Watermarks can reveal information about the leaker and other copyright-related details. However, due to the black-box nature of deep learning models, traditional methods cannot embed watermarks into a model without affecting its original functions. So current watermarking methods integrate the embedding process into the training phase by designing specific loss functions, preventing the disruption of the model's original function through the training process. Inspired by traditional parameter-featured methods, we hide the watermark within the model's parameters, which can be decoded through a decoding process.
For generative models, training VAE or GAN module ensures that functionality of the model is not compromised. The advantage of this method is that the watermark is more stable, can hide information within the model, and has anti-attack properties.
The crucial parts in building such a platform include model tokenization, model verfication, model transaction, and transaction log recording. The entire process is divided into the following steps:
Watermark embedding and extraction
Unlike non-blockchain architectures, feature watermark generation requires users to manually select specific features. Because of the lack of control or simply selecting strategies, It may result in conflicts due to close Hamming distances between watermarks chosen by different users, making them difficult to distinguish. Therefore, utilizing smart contracts on blockchain for negotiating watermark is a better choice.
Users obtain a decoding matrix X and a watermark matrix K through the negotiation contract. NNegotiation is based on the keys allocated by smart contracts. It can achieve this goal by optimizing the loss function by adding a regularization term into the objective functions. In this design, we embed the watermark K into the elements of XW. The watermark embedding process fits the watermark into the model by training parameters. The blockchain records the mapping of the model along with its unique watermark. With the support of IPFS or other decentralized storage technologies, the model can be stored and published on-chain. Anyone can use the on-chain contract to know true owner of the model by invoking the query function.
When a user claims ownership of a model, we need to confirm it through watermark extraction. Smart contracts will search for the model token owned by the user and verify through decentralized validation mechanisms whether the watermark can be detected in the model. We multiply the decode matrix X with the model parameters W to extract the watermark and get model information by adding step function S. After information comparison with watermark K, it will be clear whether the two models are the same.
On-chain Processing
On the blockchain, smart contracts store the mapping between user addresses and watermarks with designed data structures to tokenize models. The core structure of the contract comprises three crucial components: the watermark negotiation module, metadata for model training process and the record of model ownership rights holders.
Once the blockchain completes the watermark negotiation process with users, the mapping between the user and the watermark is established.
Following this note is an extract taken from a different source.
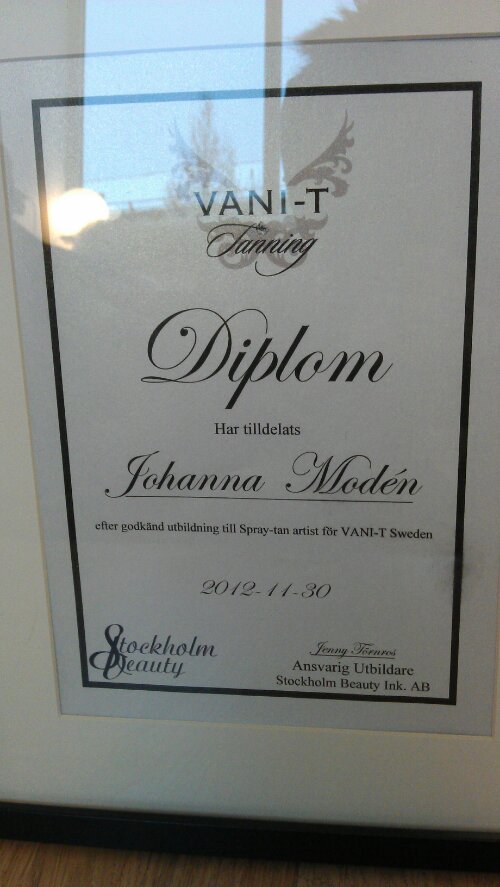 Då har jag varit på lyxdag hos Johanna Moden som gör min ögonfransar längre och mycket snyggare. Johanna har en mysig nyöppnad lokal i Södertälje men kör också ett par dagar i veckan inne i stan. Det är alltid lika mysigt att komma till Johanna och bli ompysslad, denna gång började vi spåna på ett riktigt roligt koncept som vi hoppas kunna göra verklighet utav:) Jag fick även prova på spraytan och på 3 minuter så fick jag en fin solbränna ( motsvarande 2 sköna veckor på Kanarieöarna:) Denna fär sitter i ca en vecka och gjordes inför en stor fest som går av stapeln nu på Lördag.

When a user claims ownership of a model, the smart contract searches this data structure using the user's address and the mapping of X and K to retrieve the model token owned by the user, then verifies through decentralized validation mechanisms whether the watermark can be detected in the model. If a transaction is required, updating the contract data structure records the latest holder information along with the transaction timestamp, completing on-chain data updates.
Additionally, it's essential to note that on-chain watermark validation requires a certain fault tolerance, it cannot be 100% accurate. Assuming we want to insert an n-bit watermark and the tolerance for the error rate is r, it means if the number of different bits between the original watermark and the extracted watermark is less than rn, we still confirm the copyright. The Hamming code indicates the count of different bits between two bit streams when designing an error-correcting code. In this scenario, the Hamming distance between the original watermark of different users must meet the minimum distance of 2rn. Otherwise, due to the possibility of generating the same decoding result from two watermarks within the fault tolerance range, the validation process will be confused, leading to ownership conflicts.